Well i have had to slow down work on slenderman thanks to classes and my brother. He now runs whenever he sees me coming with tinfoil and tape. For the frame i have learned several things. When i put the amateur hands and head on to test them, along with the pants i realized that i had made a mistake. I had taken normal proportions and just stretched them up a bit. This left me with a tall, but not slender man, i was forced to cut off almost half a foot in his width to make him slender again. the new measurements are.

Shoulders 20 inches
Waist 20 inches
Legs 4 feet long
Chest 3 feet long
Arms 4 feet long, This allows them to reach well past the waist and make the illusion that he is even thinner.


----------



## divinedragon7 (Jul 20, 2009)

Here are the hands and head. i am in the process of painting them and will hopefully be able to post those pics by this weekend.


----------



## Mistress of the Abyss (Sep 21, 2007)

Looking good so far! I soo can't wait to see more!


----------



## Sister Grimm (Aug 3, 2011)

Please,please, please post a completed photo. 
My daughter will be Slenderman for Halloween an for our haunted house.


----------



## RunL1keH3LL (Oct 2, 2012)

update coming soon?


----------



## divinedragon7 (Jul 20, 2009)

sorry sorry, head and hands are done, just got side tracked. pictures will be up in a few hours.


----------



## divinedragon7 (Jul 20, 2009)

Forgot to give it a black wash, i'll do that and finish the suit soon, i hope


----------



## DoctorGrim (Oct 18, 2007)

Hey did you finish the prop? Very interested to see a Slender Man prop


----------



## osenator (Nov 3, 2009)

Slender man got him before he could finish it. Damn!


----------



## Blarghity (Sep 2, 2012)

Be careful to keep the weight down. I tried making a similar prop last year. The PVC buckled under the weight. I switched to the gray extra-rigid electrical conduit PVC and still had problems with it sagging. I finally got fed up with the problems and axe murdered it.


----------



## Old Man Bakke (Oct 18, 2011)

Pare Mache and PVC static props...right up my alley...me likey!


----------



## swhalen (May 19, 2013)

This is looking awesome! My boys saw this and want to make one for our haunt. Looking forward to seeing the final prop!!


----------



## Creepy Acres (Sep 14, 2013)

I'm in the process of making one as well, for my first home haunt.


----------



## CrypticCuriosity (Aug 18, 2012)

The head looks fantastic! I can't wait to see the whole thing.


----------



## SonofJoker (Aug 26, 2010)

Looking good so far!


----------



## divinedragon7 (Jul 20, 2009)

Well i have no idea why i never remembered to post the final pics from last year. Here they are. only a few of the kids recognized him but they loved him, especially because i had put up fake signs around the neighborhood for him. 

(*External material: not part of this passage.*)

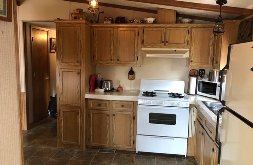 Inside the cabin you will find a master suite with 1 queen bed and 1 twin with a full bath, the second bedroom has 1 queen bed. The second full bathroom features a 22 in soaking tub! We have a spacious living area with a smart TV and WIFI. The kitchen has all of the tools you need to whip up a fabulous dinner to share with family. For those that prefer to grill while on vacation, we have one of those just out the sliding door on a large deck.

There were high winds that night so i had to use about sixty pounds on the base to keep him from falling over.


----------



## Creepy Acres (Sep 14, 2013)

Nice job brotha!


----------



## DoctorGrim (Oct 18, 2007)

He's a tall one. 

I was wondering where you would get pants with a 60 inch inseam.

What are the cloths made of?


----------



## osenator (Nov 3, 2009)

Pretttyy cool!


----------



## Dragonomine (Sep 28, 2008)

ooh so creepy!!


----------



## Paradoxical (Jun 28, 2011)

I was going to do a slender man cut out, but I really like yours better. Can't wait to see the final version!


----------



## divinedragon7 (Jul 20, 2009)

The clothes are made out of, well i can't remember the name but tis the fabric you lay down under rocks to prevent weeds. i just cut it out and used staples to hold it together, took twenty minutes to do the entire suit.


----------



## StanFam3 (Oct 5, 2009)

FUN!! I'm sure the kids got a kick out of that.


----------